5.7 Where appropriate, we shall give you written notice at least 28 days in advance of any increase in our fees. If the increase is not acceptable to you, you may, within 10 days of the date of the notice, terminate this contract by giving written notice to us. In these circumstances the services will cease 28 days after the original notice of the price increase.
5.8 We shall be entitled to charge to you any sums reasonably incurred by us in recovering outstanding sums from you including professional and collection agency fees.

6 Intellectual property
6.1 In this agreement, ‘Intellectual Property Rights’ means patents, rights to inventions, copyright and related rights, trade marks, business names and domain names, rights in get-up, goodwill and the right to sue for passing off, rights in designs, database rights, rights to use, and protect the confidentiality of, confidential information (including know-how), and all other intellectual property rights, in each case whether registered or unregistered and including all applications and rights to apply for and be granted, renewals or extensions of such rights and all similar or equivalent rights or forms of protection which subsist or will subsist now or in the future in any part of the world.
6.2 Provided we have received payment in full for our fees, we shall grant you a non-exclusive licence to use the Course Materials, as described on the website for that particular Course, for your own internal business purposes in order to enjoy the benefit of our services under the terms of this agreement. Please note that you do not have the right to use the Course Materials for any other purposes or share them with third parties.

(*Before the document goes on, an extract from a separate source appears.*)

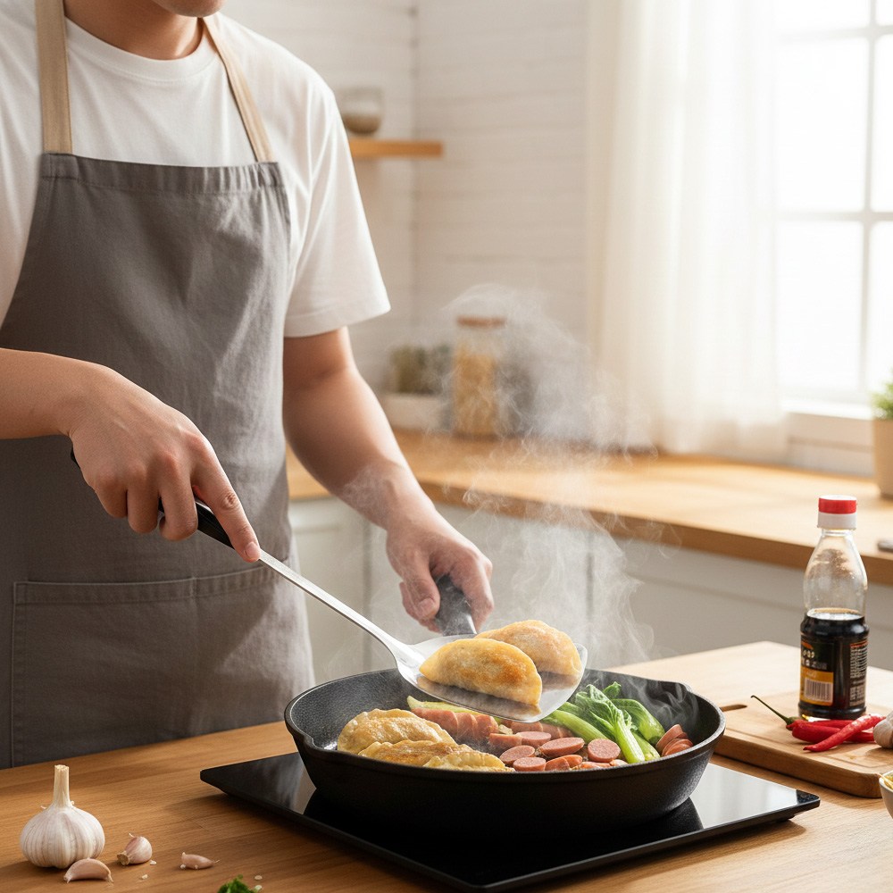 - 理想極緻煎匙,輕鬆翻炒食材,烹飪體驗更上一層樓,享受美食製作的樂趣。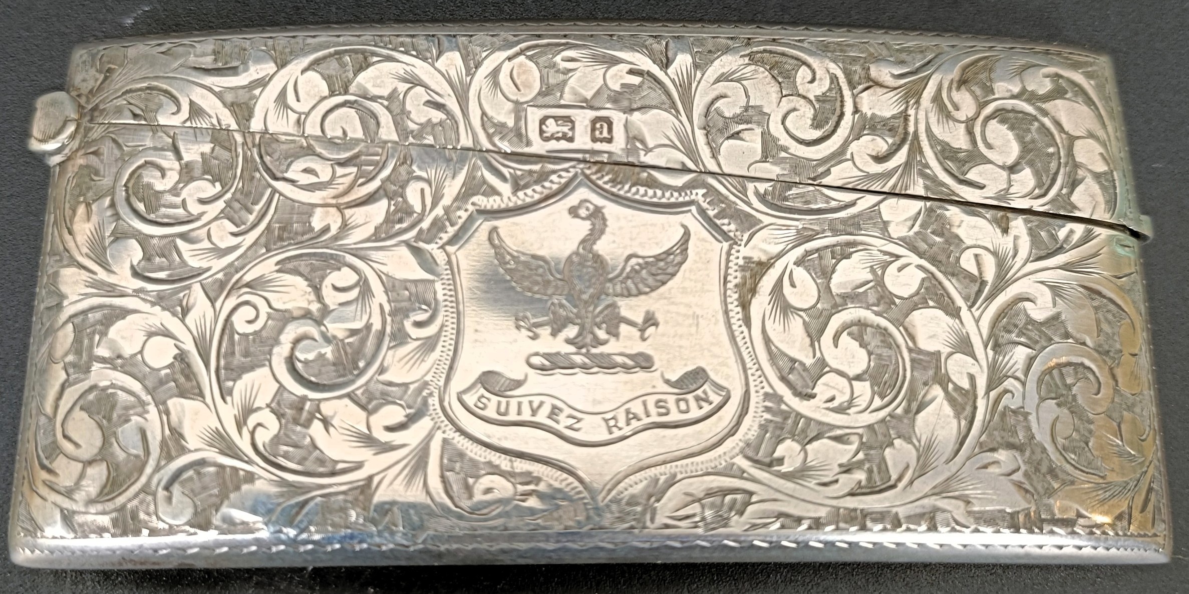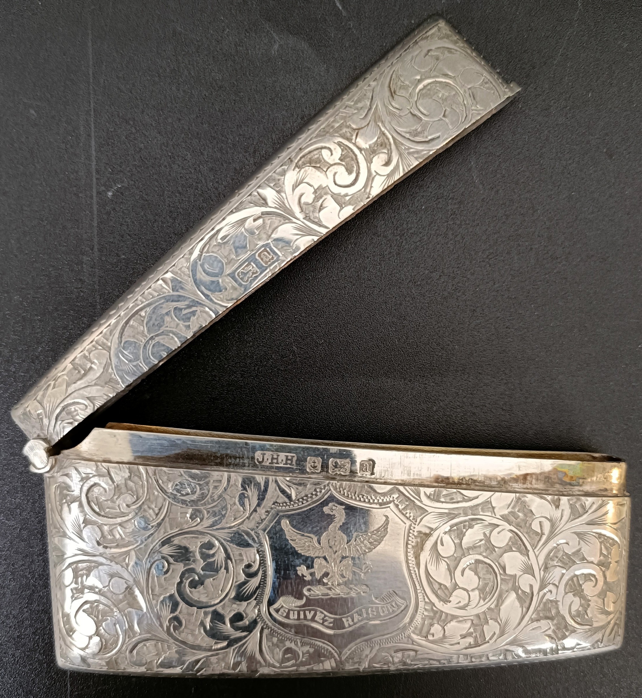 A late Victorian silver card case, engraved, London 1896, 8 cm wide, 1.3 ozt

7 Confidential Information
7.1 For the purpose of these terms, confidential information means any information one party supplies to the other which it reasonably expects to be kept confidential including but not limited to customer lists, contacts, financial data, sales data, supply sources, business opportunities for new or developing business, plans and models, or trade secrets.
7.2 Each party shall keep the confidential information disclosed to it confidential and, except for the purposes of providing the services, or with the other party’s prior written consent, shall not:
7.2.1 use or exploit the confidential information in any way; or
7.2.2 disclose or make available confidential information in whole or in part to any third party.
7.3 The obligations in 7.2 will not apply to confidential information which:
7.3.1 has ceased to be confidential through no fault of the other party;
7.3.2 was already in the possession of the recipient before being disclosed by the other party;
7.3.3 has been lawfully received from a third party who did not acquire it in confidence; or
7.3.4 is required to be disclosed by law.
7.4 Neither of us shall use the other party’s confidential information for any purpose other than to perform our obligations under this contract.

8 Personal Data and Data Processing
8.1 In this clause:
8.1.1 ‘Data Protection Legislation’ means as applicable and binding on you and/or us i) in the United Kingdom, the GDPR, and/or any corresponding or equivalent national laws or regulations; (ii) in member states of the European Union: the GDPR, and all relevant member state laws or regulations giving effect to or corresponding with any of them; and (iii) any applicable laws replacing, amending, extending, re-enacting or consolidating any of the above Data Protection Legislation from time to time;
8.1.2 ‘Personal Data’, ‘Data Subject’, ‘Data Processor’ and ‘Data Controller’ shall bear the defined meanings allocated to them in Data Protection Legislation; and
8.1.3 ‘Client Personal Data’ shall mean all Personal Data comprised in all documents, information and materials provided by you to us relating to the services.
8.2 To the extent that we shall process Client Personal Data as your Data Processor, we shall do so in compliance with the obligations placed on us as Data Processor under Data Protection Legislation.
8.3 You shall at all times comply with all Data Protection Legislation in connection with the processing of Client Personal Data. You shall ensure all instructions given by you to us in respect of Client Personal Data shall at all times be in accordance with Data Protection Legislation. You shall indemnify us and keep us indemnified against all losses, claims, damages, liabilities, fines, sanctions, interest, penalties, costs, charges, expenses, compensation paid to Data Subjects, demands and legal and other professional costs arising out of or in connection with any breach by you of your obligations under this clause 8.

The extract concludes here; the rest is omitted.